*Aim of the task*. Please copy exactly the part of the records below that opens with the line containing "19182黃色+2235豆綠色 【速乾裙褲套裝】" and closes with the line containing "- 👌 EASY TO", leaving out any pictures.
*** Given data ***
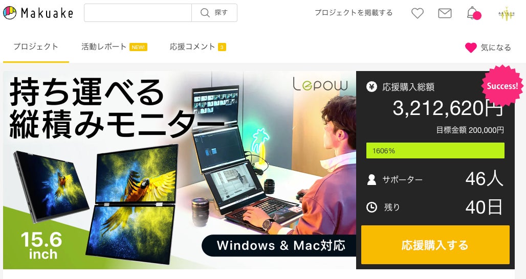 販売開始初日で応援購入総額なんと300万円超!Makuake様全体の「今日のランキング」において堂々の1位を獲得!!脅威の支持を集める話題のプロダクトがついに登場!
***
*** Given data ***
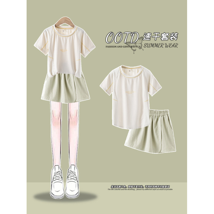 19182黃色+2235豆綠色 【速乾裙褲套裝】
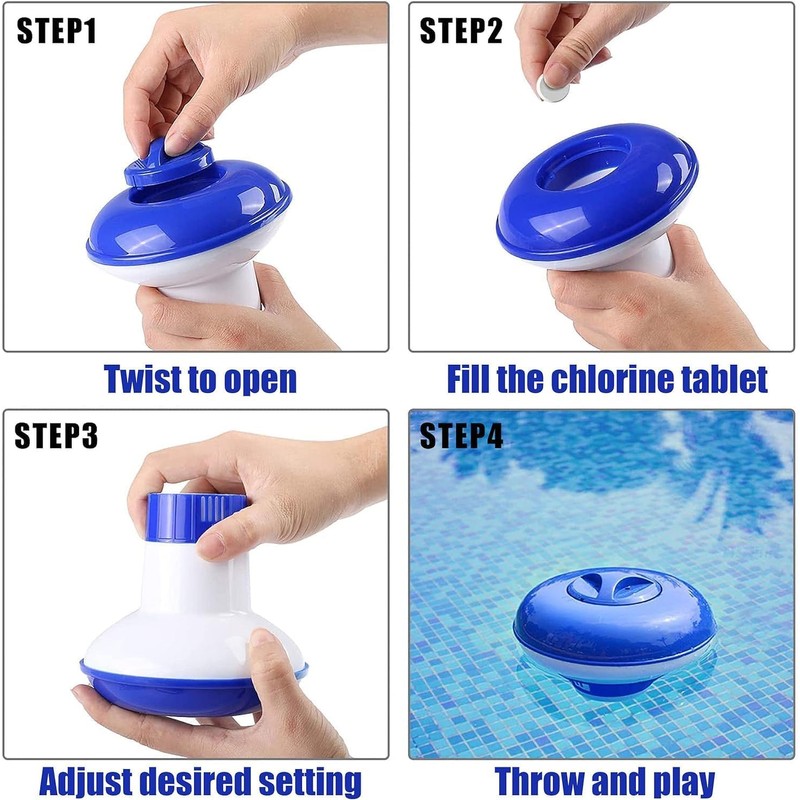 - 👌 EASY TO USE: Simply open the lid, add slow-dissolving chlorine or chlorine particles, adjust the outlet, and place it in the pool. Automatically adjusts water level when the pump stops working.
***
*Task response*.
 19182黃色+2235豆綠色 【速乾裙褲套裝】
 - 👌 EASY TO USE: Simply open the lid, add slow-dissolving chlorine or chlorine particles, adjust the outlet, and place it in the pool. Automatically adjusts water level when the pump stops working.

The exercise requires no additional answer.